Очевидно, это предложил полицейский - ибо именно он ответил "да"; и в конце концов именно он взял меня за плечо и повел, толкая перед собой по улицам, пока мы не пришли к какому-то унылому зданию, и я не очутился в выбеленной комнате, где стояли стул, на котором я мог сидеть, стол, за которым я мог сидеть, железная кровать с хорошим матрасом, на которых я мог лежать, и одеяло с пледом, чтобы укрываться. И где мне давали есть вдоволь каши и научили так очищать после еды жестяную миску, чтобы она блестела, как зеркало. Там же меня выкупали и дали мне новую одежду; мои старые лохмотья были сожжены, а меня всего пропитали камфарой, уксусом и всякими другими обеззараживающими снадобьями.
Когда все это было проделано - не знаю, много или мало прошло дней (да, впрочем, это и неважно), - в дверях появился мистер Хокъярд и, не переступая порога, сказал:
- Стань-ка у дальней стенки, Джордж Силвермен. Подальше, подальше. Вот так, хорошо. Как ты себя чувствуешь?
Я ответил ему, что не чувствую холода, не чувствую голода, не чувствую жажды. Этим исчерпывались все человеческие чувства, которые были мне тогда доступны, если не считать боли от побоев.
- Так вот, - сказал он, - ты поедешь на ферму, расположенную в здоровой местности, чтобы очиститься от заразы. Старайся поменьше сидеть в четырех стенах. Старайся побольше бывать на свежем воздухе, пока тебя оттуда не увезли. Лучше пореже упоминай - то есть ни в коем случае не упоминай, отчего умерли твои родители, а то тебя не захотят там держать. Веди себя хорошо, и я пошлю тебя учиться. О да, я пошлю тебя учиться, хотя я вовсе не обязан этого делать. Я слуга господа, Джордж; и я был ему хорошим слугой вот уже тридцать пять лет. Господь имел во мне хорошего слугу, и он это знает.
Совершенно не представляю себе, какой смысл вложил я тогда в его слова.

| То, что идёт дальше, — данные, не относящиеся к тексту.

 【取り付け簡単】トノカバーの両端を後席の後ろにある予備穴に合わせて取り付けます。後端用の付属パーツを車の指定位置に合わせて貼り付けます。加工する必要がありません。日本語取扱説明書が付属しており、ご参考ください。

Не знаю также, когда именно стало мне ясно, что он является весьма уважаемым членом какой-то малоизвестной секты или общины, все члены которой, буде у них возникало такое желание, могли проповедовать перед остальными, и звался среди них братом Хокъярдом. А тогда, в выбеленной палате, мне было достаточно и того, что тележка фермера ждет меня на углу. Я не стал мешкать, ибо это была первая поездка в моей жизни.
Мерное покачивание тележки убаюкало меня, и я уснул. Но прежде я успел вдоволь наглядеться на улицы Престона; возможно, во мне и шевелилось смутное желание узнать место, где находился наш подвал, но я сильно в этом сомневаюсь. Такой я был своекорыстный дьяволенок, что ни разу не задумался, кто похоронит моих родителей, где их похоронят и когда. Мысли мои были заняты другим: буду ли я на ферме есть днем так же досыта и укрываться ночью так же тепло, как в палате.

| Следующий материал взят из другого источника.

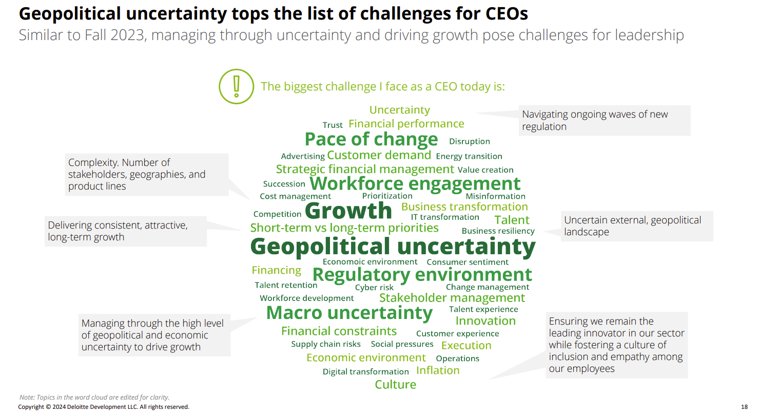 - Geopolitical instability was rated as the primary disruptor by 65% of CEOs surveyed.
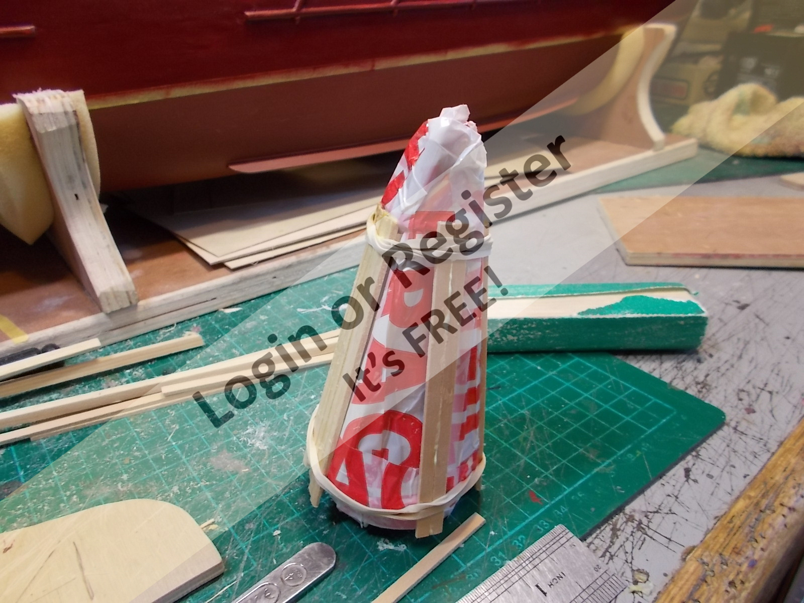 I used a cardboard tube which came from the centre of some knitting yarn which the Mrs is using at the moment. This tube had correct internal dimension required which corresponded with the outside diameter of the Kort nozzle so โ this tube became the former for me to build up laminates of 1 mm thick plywood by 30 mm wide by roughly 200 mm long to begin with. The first laminate I applied some cellotape to one side of it to prevent it bonding to the inside of the cardboard tube.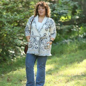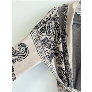 Sioni Paisley Jaquard Fringe Shawl Knit Sweater Cardigan in beige/black - Size L - In Excellent Condition!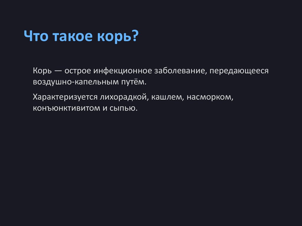 Что такое корь?Корь — острое инфекционное заболевание, передающееся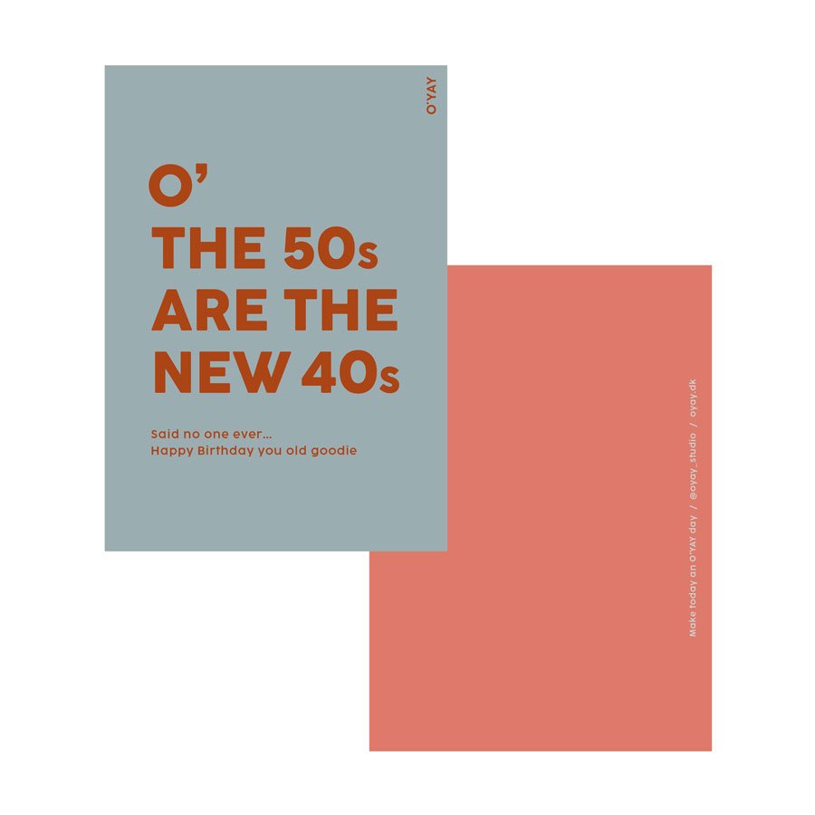 Greet & Keep kort med teksten: “O’ The 50s are the new 40s. Said no one ever… Happy Birthday you old goodie”

Я проснулся оттого, что тележка затряслась на выбоинах, и увидел, что мы взбираемся на крутой холм по изрезанной колеями проселочной дороге, вьющейся среди полей. И вскоре, миновав остатки насыпи и несколько массивных хозяйственных построек, которые прежде служили укреплениями, мы проехали под полуразрушенной аркой и остановились перед фермерским домом, встроенным в наружную сторону толстой стены, некогда окружавшей внутренний двор Хотоновских Башен. На все это я глядел, как жалкий дикарь, не замечая кругом ничего особенного, никакой древности, считая, что такой, очевидно, и должна быть ферма; объясняя следы упадка единственной причиной всех бедствий, которая была мне известна, - нищетой; жадно глазея на порхающих голубей, на скот в загоне, на уток в пруду и бродящих по двору кур с голодной надеждой увидеть многих из них на обеденном столе, пока я буду жить тут; гадая, не являются ли выставленные на просушку подойники вместительными мисками, в которых хозяину дома подается его сытная пища и которые он затем отполировывает, как это делал я в палате; боязливо принимая скользящие но залитому солнцем холму тени облаков за чьи-то хмурящиеся брови - тупой, запуганный, угрюмый звереныш, заслуживавший только отвращения.